Case in point: The recent discovery of a biomarker that can predict whether an individual will achieve a functional cure of hepatitis B virus (HBV) gave rise to a surge of interest from the pharmaceutical industry in researching curative therapies for HBV.

Investment in Cure Research chart

Source: “Global Investment in HIV Cure Research and Development in 2017”

Investment in Cure Research chart

Source: “Global Investment in HIV Cure Research and Development in 2017”

Avenues of Research:

Stem cell transplants

Clinicians are still trying to replicate the success of Timothy Brown’s HIV cure with similar strategies. In recent years, a number of other individuals with cancer have received stem cell transplants from donors who also have the genetic mutation related to the CCR5 coreceptor that confers resistance to the virus. One of the six such individuals whose cases have been published in scientific literature experienced a viral rebound; the other five ultimately died as a result of complications following their stem cell transplant or from their underlying cancer.

In other cases of people living with HIV who received a stem cell transplant but from a donor who lacked the CCR5-related genetic mutation, the stem cell transplant did delay the time to viral rebound by 3 to 10 months after the individuals stopped ARVs.

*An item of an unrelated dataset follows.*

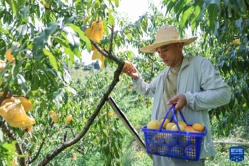 8月7日,种植户在璜山镇黄家店村的桃林里采摘黄桃。
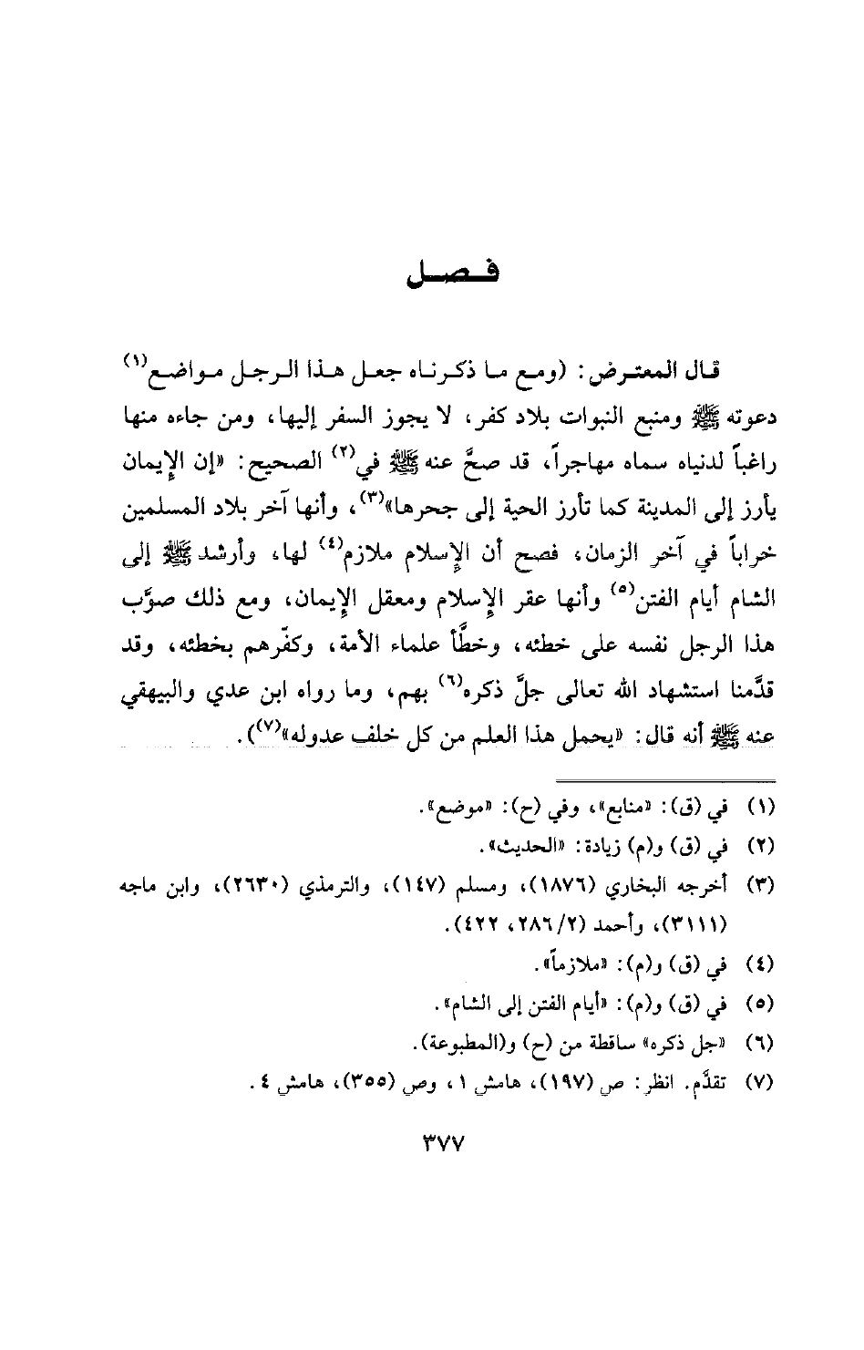 فصل قال المعترض: (ومع ما ذكرناه جعل هذا الرجل مواضع (¬1) . دعوته -صلى الله عليه وسلم- ومنبع النبوات بلاد كفر، لا يجوز السفر إليها، ومن جاءه منها راغبا لدنياه سماه مهاجرا، قد صحَّ عنه -صلى الله عليه وسلم- في (¬2) . الصحيح: " «إن الإيمان يأرز إلى المدينة كما تأرز الحية إلى جحرها» " (¬3) . وأنها آخر بلاد المسلمين خرابا في آخر الزمان، فصح أن الإسلام ملازم (¬4) . لها، وأرشد -صلى الله عليه وسلم- إلى الشام أيام الفتن (¬5) . وأنها عقر الإسلام ومعقل الإيمان، ومع ذلك صوب هذا الرجل نفسه على خطئه، وخطَّأ علماء الأمة، وكفّرهم بخطئه، وقد قدمنا استشهاد الله تعالى جلَّ ذكره (¬6) . بهم، وما رواه ابن عدي والبيهقي عنه -صلى الله عليه وسلم- أنه قال: " «يحمل هذا العلم من كل خلف عدوله» " (¬7) .

However, the high fatality rate following transplantation highlights how impractical, not to mention unethical, this method of attempting to cure HIV is for anyone not already facing a high risk of death due to cancer.

Gene therapy

Seeking safer alternatives to cancer-treatment-based stem cell transplants, researchers are experimenting with gene-editing techniques that alter the DNA of an individual’s immune cells. In particular, the scientists will try to deactivate the gene that gives rise to the CCR5 coreceptor, thus robbing HIV of a means of latching onto immune cells. The modified cells are then grown outside the body and ultimately reinfused into the person’s body. The aim is to spawn a population of immune cells that are resistant to infection. As the field of gene editing rapidly evolves, it is hoped that new, even more cutting-edge technology will facilitate progress on the HIV cure front.

“Kick and kill”

The method of waking up latently infected cells (the “kick” part) and then finishing them off (the “kill” part) has yielded some notably disappointing results of late, including those of the RIVER study that was presented at the July conference in Amsterdam. Researchers pursuing this strategy have looked to various cancer drugs known as HDAC inhibitors as the kick element; but thus far, they have not been able to show such drugs can actually diminish reservoir cells.

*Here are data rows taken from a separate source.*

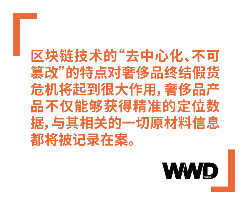 众所周知,区块链技术的“去中心化、不可篡改”的特点对奢侈品终结假货危机将起到很大作用,奢侈品产品不仅能够获得精准的定位数据,与其相关的一切原材料信息都将被记录在案,其次未来产生的每一笔交易都会被记录在案,最终通过数字记录传达给消费者。
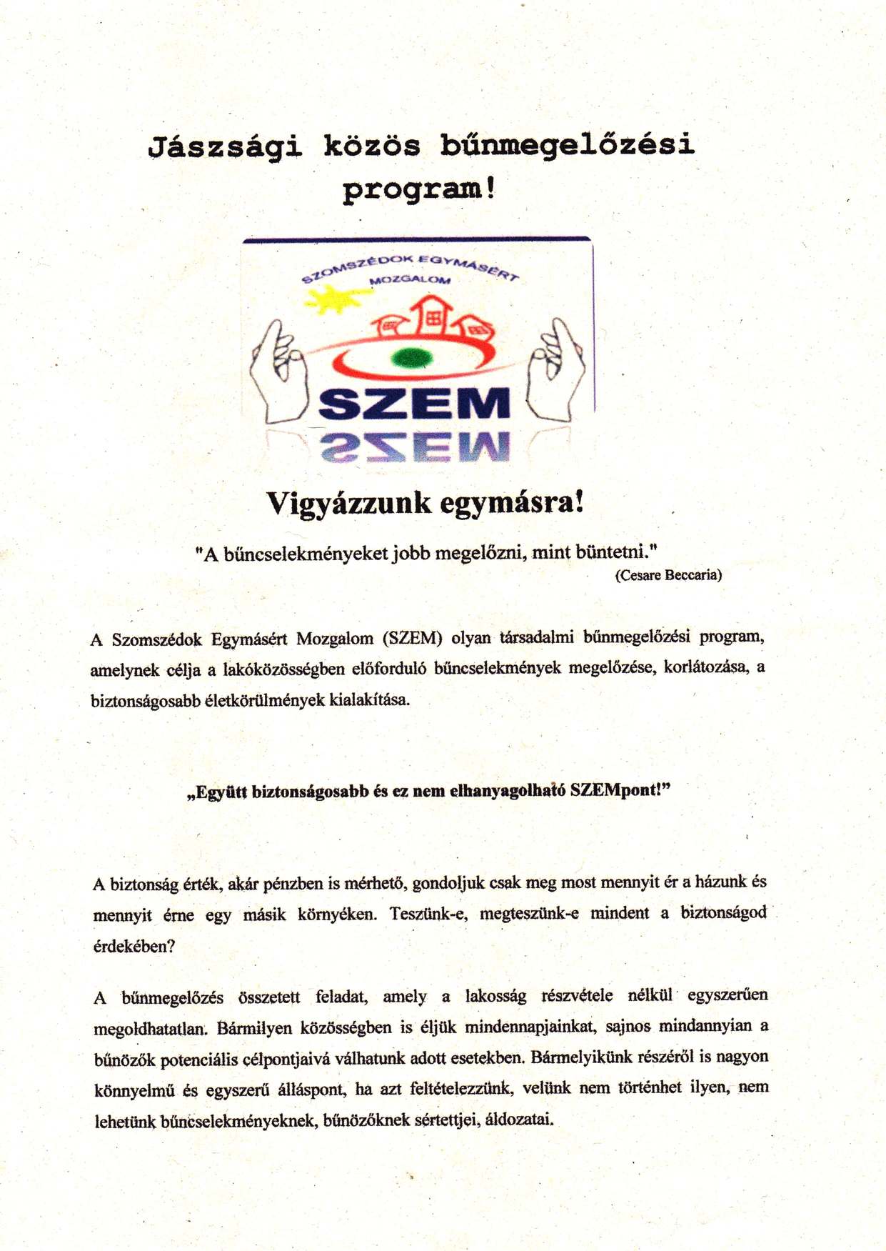 Egyesületek / Szervezetek hírei Minden önmaga és településünk biztonságáért tenni akaró jászalsószentgyörgyi lakost tisztelettel várunk, idõset és fiatalt egyaránt !
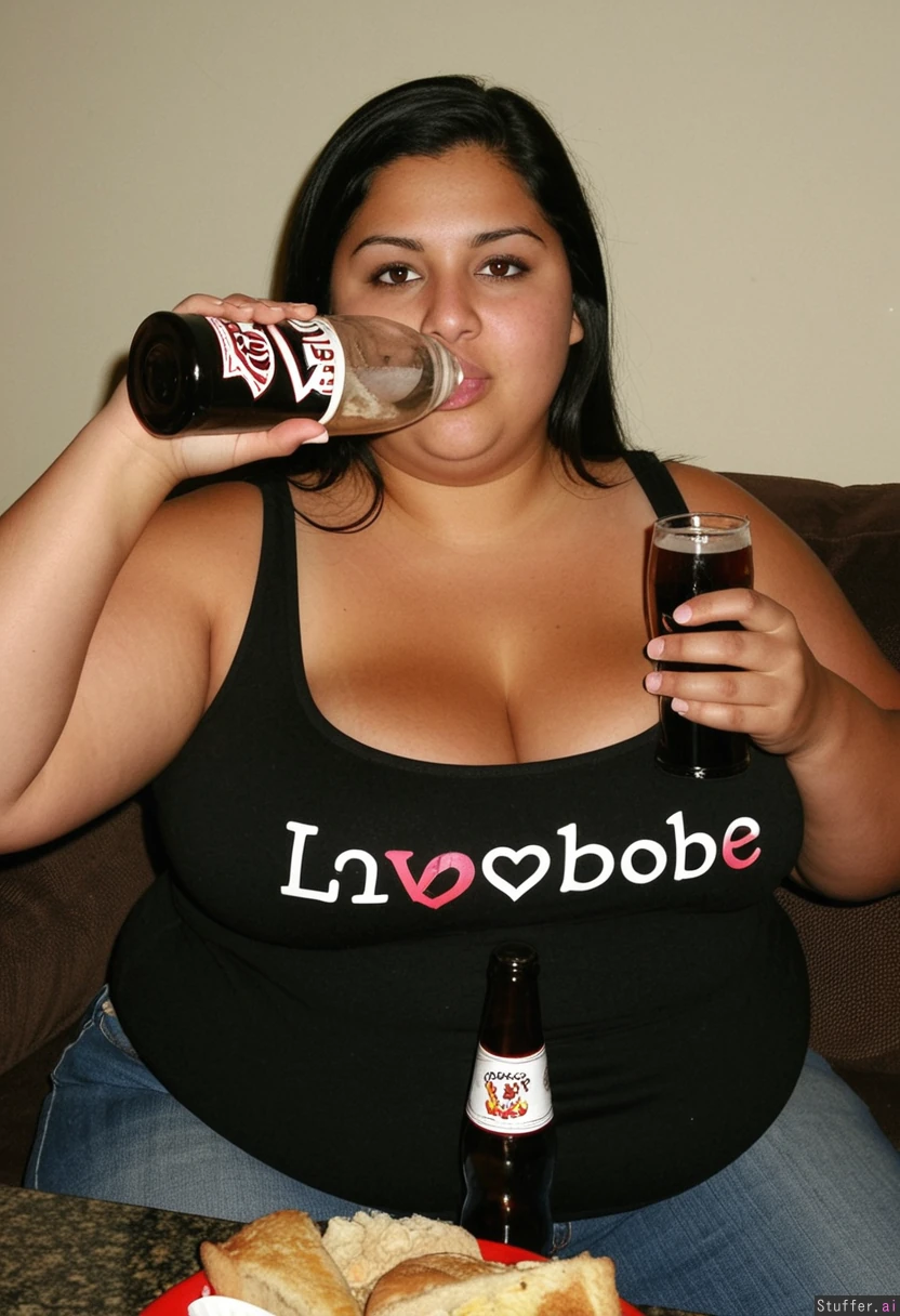 Very obese Latina with a pretty face and a black tank top and jeans and love handles drinking beer

Lewin remains cautiously optimistic about further research into these medications, noting that the RIVER trial used a less advanced and relatively weak kick agent. Recent, more preliminary studies that have examined other kick agents, such as so-called TLR agonists, have shown far greater promise.

On this front, Gilead Sciences is investigating a drug known as GS-9620 that has shown positive results in primate research.

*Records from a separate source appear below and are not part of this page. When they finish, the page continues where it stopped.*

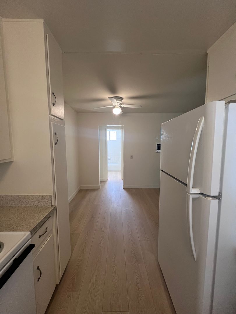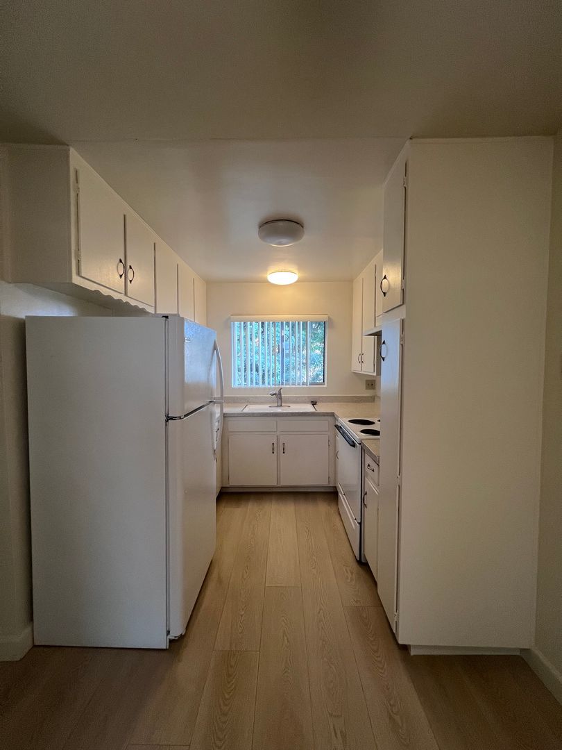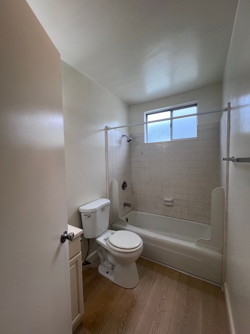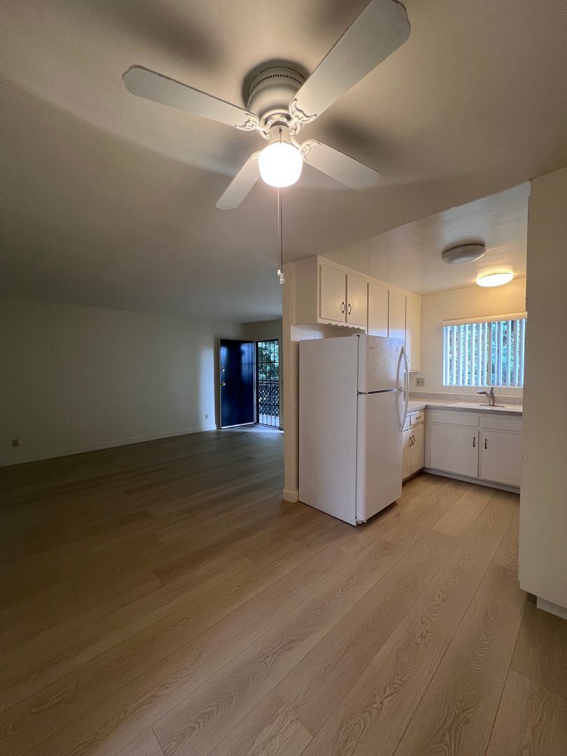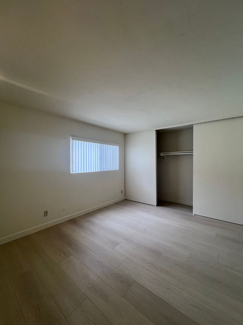 Large upper 1BR/1BA upstairs unit in City Heights. Small complex w/gated entry. Unit has spacious kitchen w/separate dining area, brand new luxury vinyl plank flooring throughout & fresh paint, assigned parking, & coin laundry on site. Tenants pay for portion of water. 1 year lease minimum. Near small shops, restaurants, bus, & 15+805 Freeways. $40 application fee per adult.
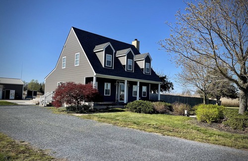 Our home is a completely renovated three bedroom two bathroom Cape. It is on 13 Creekfront acres and also has 2 ponds. It is quite private being on the opposite side of the road of some larger farm homes. Inside our home, you will find a fully remodeled chefs kitchen with GE café appliances. We have two wine coolers built into the island. We have a comfortable couch with a huge beanbag and a very large TV in the living room. We have three wonderful bedrooms. We offer an Amazon fire stick attached to all 4 televisions. The upstairs bathroom has double tropical forest heads, as well as a handheld shower message. We even have a dog shower located in the laundry room. If your Pup goes on an adventure and should get wet and muddy. We have a very large outdoor patio with a sitting area and a 15 foot umbrella. We have a resident blue heron who comes to visit in the pond. We have a long Trex walkway that leads out to a dock overlooking the creek, and a floating dock as well where our pontoon boat is tied. We have just installed a gangway to another floating dock for ease when using the kayaks. Inquire after booking specifically about our boat If you are interested in seeing some beautiful wildlife, our creek is accessible to the Delaware Bay. We offer kayaks for no additional charge. You are more than welcome to fish and crab Out on the dock. We have a built-in hot tub. It is available year-round and sanitized properly in between guests. We have a large outdoor picnic table. We also have a doggie door and a large dog yard that is fenced in. We have placed a carpeted platform out there with two chairs for you to sit with your pups while they play. We also have 2 RV hookups 30 and 50 amps. with water for extra fees. We have an area called the Lookout point if you walk down the small path between the creek and the big pond and you will see beautiful sunsets from there. This is a beautiful sanctuary. You will not be disappointed. A little bit about us, we are super hosts on another platform with 400+ 4.9 star reviews. We are well experienced and try to make every one of our properties very special for our guests.  we look forward to hosting you. Kim and Bob.
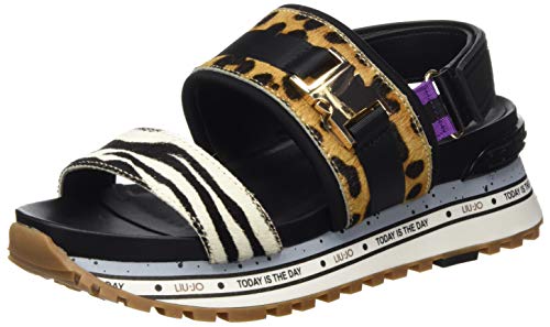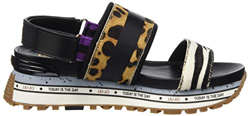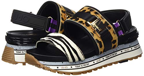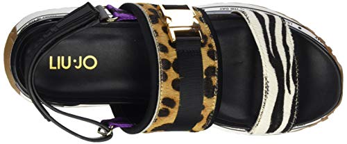 Liu Jo Wonder Maxi 06-Sandal Leopard, Sandalias con Punta Abierta Mujer

Latency silencing: “block and lock”

Effectively the opposite of the kick and kill strategy, the “block and lock” method, also known as latency silencing, is based on the presumption that if rooting out and killing all the latently infected cells in the body is too challenging, keeping them in a silent state indefinitely may be a viable alternative. A recent study conducted in mice sought to inhibit a viral protein known as tat that acts as an on-off switch for viral replication in cells. The study successfully reduced the amount of HIV RNA expressed in tissue biopsies taken from the animals, and it delayed viral rebound after the interruption of ARV treatment.

Enhancing the immune system

Researchers are investigating whether vaccines can be used to prompt the body to better control the virus.

Scientists have also invested considerable energy into studying so-called broadly neutralizing antibodies, which are natural antibodies that boast the capacity to combat a wide array of HIV strains. Research has indicated that some of these antibodies are associated with a delay in viral rebound after an ARV treatment interruption. Recently, scientists have gone high-tech by synthesizing three such antibodies into one “trispecific” antibody—a kind of all-in-one triple combination therapy—that has already shown promise in its use as pre-exposure prophylaxis (PrEP) among primates.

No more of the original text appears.